Удивились все. Особенно отец, который мужественно согласился сопровождать маму во время родов (ну и что, что он на второй минуте упал в обморок?). Он не только удивился, но и очень обрадовался.
– Как мы назовём его, дорогой? – спросила мама у отца через несколько дней.
– Брайан, разумеется, – ответил отец.
В роду у нас не было ни одного Брайана (я бы об этом знал). Вероятно, так звали какого-то исторического персонажа, любимого отцом (это было бы в его духе).
Иногда я сетовал на судьбу – в конце-то концов, отец, как историк, мог бы дать мне другое имя, более звучное – к примеру, Франклин (Рузвельт), Бенджамин (Дизраэли), или же какое-то ещё. Но своё имя я очень любил – и ни за какие сокровища мира не согласился бы его поменять.
По сей день я задумывался о том, какой могла бы быть моя сестра. Такой же, как и я? Или полной противоположностью? Думал я и о том, есть ли среди знакомых мне женщин такая, которая могла бы сойти за сестру. И она была. Её звали Надья.
После того, как мы решили закончить со всеми глупостями, наши отношения почти не изменились. Мы, наверное, даже стали ближе. Много общались, проводили время вместе. В ерунду вроде дружбы между мужчиной и женщиной я не верил, и поэтому эти отношения вполне можно было считать отношениями брата и сестры. Правда, брат хотел от сестры не совсем братских вещей – но это уже поэзия.
По крайней мере, так было до того, как произошли последние события.
Никаких планов на день у меня не было.
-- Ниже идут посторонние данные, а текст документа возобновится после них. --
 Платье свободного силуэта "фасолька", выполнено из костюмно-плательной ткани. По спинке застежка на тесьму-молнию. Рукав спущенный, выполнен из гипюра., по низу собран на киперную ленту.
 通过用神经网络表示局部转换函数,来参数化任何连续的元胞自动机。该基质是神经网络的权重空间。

Я переслал готовые статьи по электронной почте, приготовил очередную чашку кофе и уселся за компьютер – играть в шахматы.
Но игра не клеилась – я пропускал простейшие ходы и никак не мог сосредоточиться.
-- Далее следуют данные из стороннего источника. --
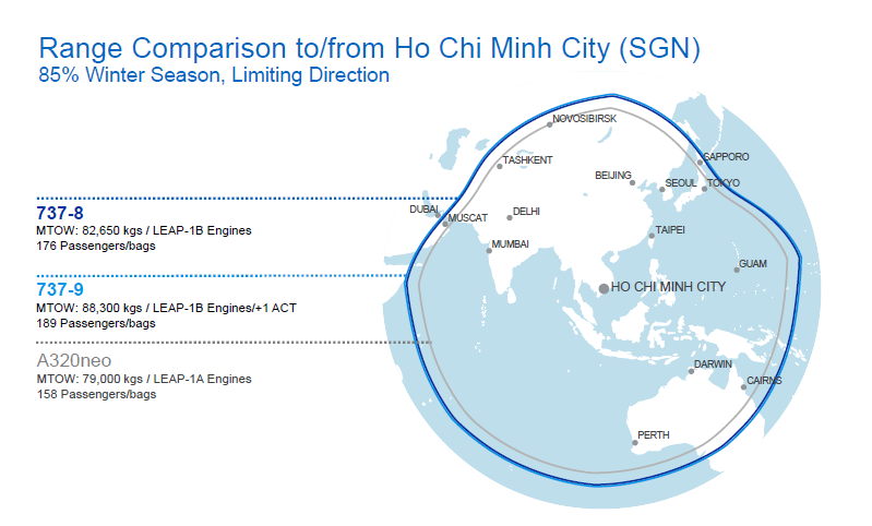 Tầm bay của B737 và một số tàu bay cùng phân khúc

Мне было не до шахмат. Раз за разом я восстанавливал в памяти день, проведённый с Маденой. Во-первых, я в очередной раз испытал это незабываемое ощущение – одиночество в тесной квартире. Во-вторых, получил возможность поближе познакомиться с миром Мадены – изучить книги, диски, безделушки на полках и всё остальное. И, в-третьих, сделал то, что очень любил – приготовил ужин. Но не для себя – а для дорогого человека, что, разумеется, гораздо приятнее. Приготовил со знанием дела (и с душой, разумеется) – мясо, гарнир, салаты, пирог. И купил бутылку вина.
Ужин Мадену шокировал. Судя по её расширенным от удивления глазам, она ждала всего- но только не этого. И я всерьёз испугался (или совсем не испугался?), что она решит нанять меня в качестве повара.
– Знаешь, – сказал я Мадене за едой, – если честно, я бы предпочёл, чтобы всё было немного по-другому. Чтобы я возвращался домой, а ты меня ждала…
– Это было бы здорово, – мечтательно проговорила она.
Важный разговор прервал отец Мадены – он позвонил и поинтересовался, как поживает её дочь. А заодно спросил, как дела у её мужчины.
И сейчас, сидя в кресле и оглядывая гостиную, я думал о том, что говорил правду – я действительно хотел, чтобы Мадена жила со мной. Здесь, в не в своей крошечной каморке. Чтобы просыпалась рядом со мной. Чтобы садилась в мою машину, чтобы я отвозил её на работу. Хотя не буду кривить душой – мне не хотелось, чтобы она работала. Зарабатывал я достаточно для того, чтобы содержать женщину.
Рэй прав – женщине нельзя работать. Деньги в дом должен приносить мужчина.
Женщина приносит в дом тепло и любовь.
Ещё пару месяцев назад я бы хорошенько приструнил себя за такие мысли. Оставь то, что ты влюбился, приятель – это полбеды. Но… чтобы одна и та же женщина просыпалась рядом с тобой? И чтобы жила за твой счёт? В твоём доме?! Да ты совсем съехал с катушек, дорогой друг!
Но я не думал про катушки. Я думал о том, что максимум через пару недель Мадена будет жить здесь. Обязательно будет. Другого выхода из ситуации просто-напросто не существует.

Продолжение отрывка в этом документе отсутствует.